_Aim of the task_.
The reply to the records below should contain exactly the lines from the line with "เครื่องทำลูกชิ้นสแตนเลสเกรดอาหาร 304 พร้อมด้ามจับไม้" through the line with "D-LINK DGS-1008A EEE節能桌上型網路交換器", and nothing besides.

_Given information_.
- Opening Delimiter -

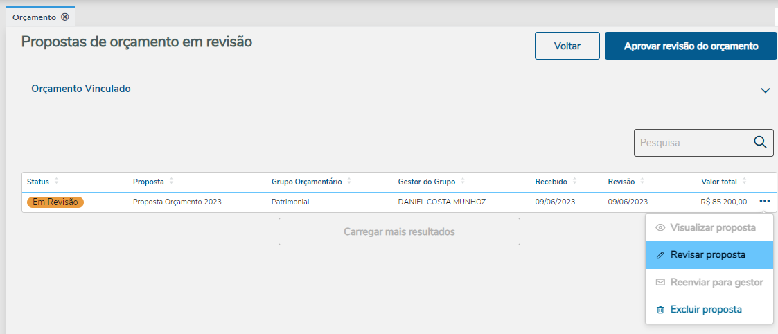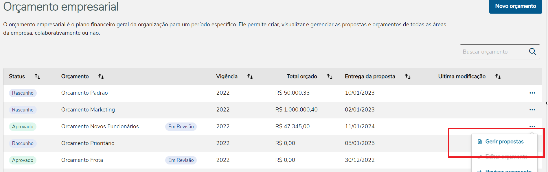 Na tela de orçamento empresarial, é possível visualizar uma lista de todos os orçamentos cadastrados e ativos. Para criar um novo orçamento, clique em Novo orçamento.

- Closing Delimiter -
- Opening Delimiter -

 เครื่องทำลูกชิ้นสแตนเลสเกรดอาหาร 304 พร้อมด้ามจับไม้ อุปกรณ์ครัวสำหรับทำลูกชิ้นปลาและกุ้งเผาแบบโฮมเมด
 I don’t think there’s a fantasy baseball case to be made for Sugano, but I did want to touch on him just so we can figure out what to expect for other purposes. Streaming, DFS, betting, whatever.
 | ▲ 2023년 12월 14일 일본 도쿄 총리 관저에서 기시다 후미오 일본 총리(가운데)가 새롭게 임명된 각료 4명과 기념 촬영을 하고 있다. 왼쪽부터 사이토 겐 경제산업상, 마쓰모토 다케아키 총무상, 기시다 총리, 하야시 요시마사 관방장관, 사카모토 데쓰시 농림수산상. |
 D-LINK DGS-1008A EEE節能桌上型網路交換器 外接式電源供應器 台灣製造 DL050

- Closing Delimiter -
- Opening Delimiter -

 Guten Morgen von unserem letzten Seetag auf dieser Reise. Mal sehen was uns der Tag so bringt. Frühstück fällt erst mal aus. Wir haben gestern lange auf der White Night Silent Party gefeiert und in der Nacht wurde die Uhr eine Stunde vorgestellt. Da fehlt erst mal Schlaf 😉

- Closing Delimiter -

_Written reply_.
 เครื่องทำลูกชิ้นสแตนเลสเกรดอาหาร 304 พร้อมด้ามจับไม้ อุปกรณ์ครัวสำหรับทำลูกชิ้นปลาและกุ้งเผาแบบโฮมเมด
 I don’t think there’s a fantasy baseball case to be made for Sugano, but I did want to touch on him just so we can figure out what to expect for other purposes. Streaming, DFS, betting, whatever.
 | ▲ 2023년 12월 14일 일본 도쿄 총리 관저에서 기시다 후미오 일본 총리(가운데)가 새롭게 임명된 각료 4명과 기념 촬영을 하고 있다. 왼쪽부터 사이토 겐 경제산업상, 마쓰모토 다케아키 총무상, 기시다 총리, 하야시 요시마사 관방장관, 사카모토 데쓰시 농림수산상. |
 D-LINK DGS-1008A EEE節能桌上型網路交換器 外接式電源供應器 台灣製造 DL050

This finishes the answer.